Strategies to modify huge database


I am testing different strategies for a incoming breaking change. The problem is that each experiment would carry some costs in Azure. The data is huge, and can have some inconsistencies due to many years with fixes and transactions before I even knew the company.

I need to change a column in a table with million of records and dozens of indexes. This will have a big downtime.

ALTER TABLE X ALTER COLUMN A1 decimal(15, 4) --The original column is int

One of the initial ideas (Now I know this is not possible) is to have a secondary replica, do the changes there, and, when changes finish, swap primary with secondary... zero or almost zero downtime. I am referring to a "live", redundant replica, not just a "copy"

EDIT: Throwing new ideas:

  1. Variations to what have been mentioned in one of the answers: Create a table replica (not the whole DB, just the table), apply a INSERT INTO... SELECT and swap the tables at the end of the process. Or... do the swap early to minimize downtime in trade of a delay during the post-addition of all records from the source

I have tried this, but takes AGES to complete. Also, some null and FK violations make the process to fail after processing for several hours. "Resuming" could be an option but it makes the process slower with each execution. Without some kind of "Resume", each failure have to be repeated from scratch

An acceptable improvement could be to IGNORE the errors (but create logs, of course) and apply fixes after migration. But afaik, AzureSql (nor SqlServer) doesn't offer an "ignore" option

  1. Drop all indexes, constraints and dependencies to the column that needs to be modified, modify the column and apply all indexes, constraints and dependencies again.

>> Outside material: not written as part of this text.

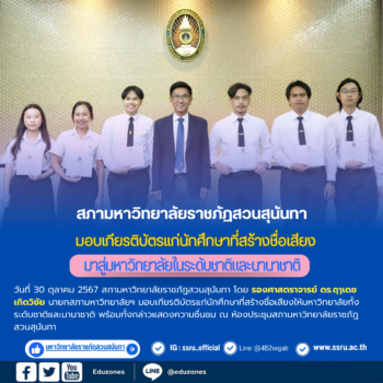สภามหาวิทยาลัยราชภัฏสวนสุนันทา มอบเกียรติบัตรแก่นักศึกษาที่สร้างชื่อเสียงให้มหาวิทยาลัยทั้งระดับชาติและนานาชาติ tui sakrapee October 30, 2024 วันที่ 30 ตุลาคม 2567 สภามหาวิทยาลัยราชภัฏสวนสุนันทา โดย รองศาสตราจารย์ ดร.ฤๅเดช เกิดวิชัย นายกสภามหาวิทยาลัยฯ มอบเกียรติบัตรแก่นักศึกษาที่สร้างชื่อเสียงให้มหาวิทยาลัยทั้งระดับชาติและนานาชาติ พร้อมทั้งกล่าวแสดงความชื่นชม ณ ห้องประชุมสภามหาวิทยาลัย ชั้น 5 อาคาร 31 รายชื่อผู้เข้ารับเกียรติบัตร #รางวัลชนะเลิศ การประชันกลอนสด “”วรรณกวีศรีละโว้” งานแผ่นดินสมเด็จพระนารายณ์มหาราช ครั้งที่ 36 ประจำปี 2567 จัดโดยชมรมวรรณกวีศรีละโว้ ร่วมกับจังหวัดลพบุรี ชมรมอนุรักษ์โบราณวัตถุสถานและสิ่งแวดล้อมจังหวัดลพบุรี สาขาวิชาภาษาไทย คณะมนุษยศาสตร์และสังคมศาสตร์ มหาวิทยาลัยราชภัฏเทพสตรี ได้แก่ 1. นายณัฏฐกร ศรีพระจันทร์ นักศึกษาชั้นปีที่ 3 คณะครุศาสตร์ 2.นางสาวเพ็ชราการ แก้วพิทักษ์… Continue Reading

Also tried this one. Some indexes take AGES to complete. But for now seems to be the best bet. There is a possible variation by applying ROW COMPRESSION before the datatype change, but I think it will not improve the real deal: index re-creation

  1. Create a new column with the target datatype, copy the data from the source column, drop the old column and rename the new one. This strategy also requires to drop and regenerate indexes, so it will not offer lot of gain (if any) with regards #2.

A friend thought of a variation on this, which is to duplicate the needed indexes ONLINE for the column copy. In the meanwhile, trigger all changes on source column to the column copy.

For any of the mentioned strategies, some gain can be obtained by increasing the processing power. But, anyway, we consider to increase the power with any of the approaches, therefore this is common for all solutions


Solution

  • After many tests and backups, we finally used the following aproach:

    1. Create a new column [columnName_NEW] with the desired format change. Allow NULLS
    2. Create a trigger for INSERTS to update the new column with the value in the column to be replaced
    3. Copy the old column value to the new column by batches This operation is very time consuming. We ran a batch every day in a maintenance window (2h during 4 days). Our batch filled the values taking oldest rows first, we counted on the trigger filling the new ones
    4. Once #3 is complete, don't allow NULLS anymore on the new column, but set a default value to avoid the INSERT trigger to crash
    5. Create all the needed indexes and views on the new column. This is very time consuming but can be done ONLINE
    6. Allow NULLS on the old column
    7. Remove the insert trigger - start downtime now!
    8. Rename the old column to [columnName_OLD], the new to [columnName]. This requires few downtime seconds!

    --> You can consider it is finally done!

    1. After some safe time, you can backup the result and remove [columnName_OLD] with all of its dependencies

    I selected the other answer, because I think it could be also useful in most situations. This one has more steps but has a very little downtime and is reversible at any step but the last.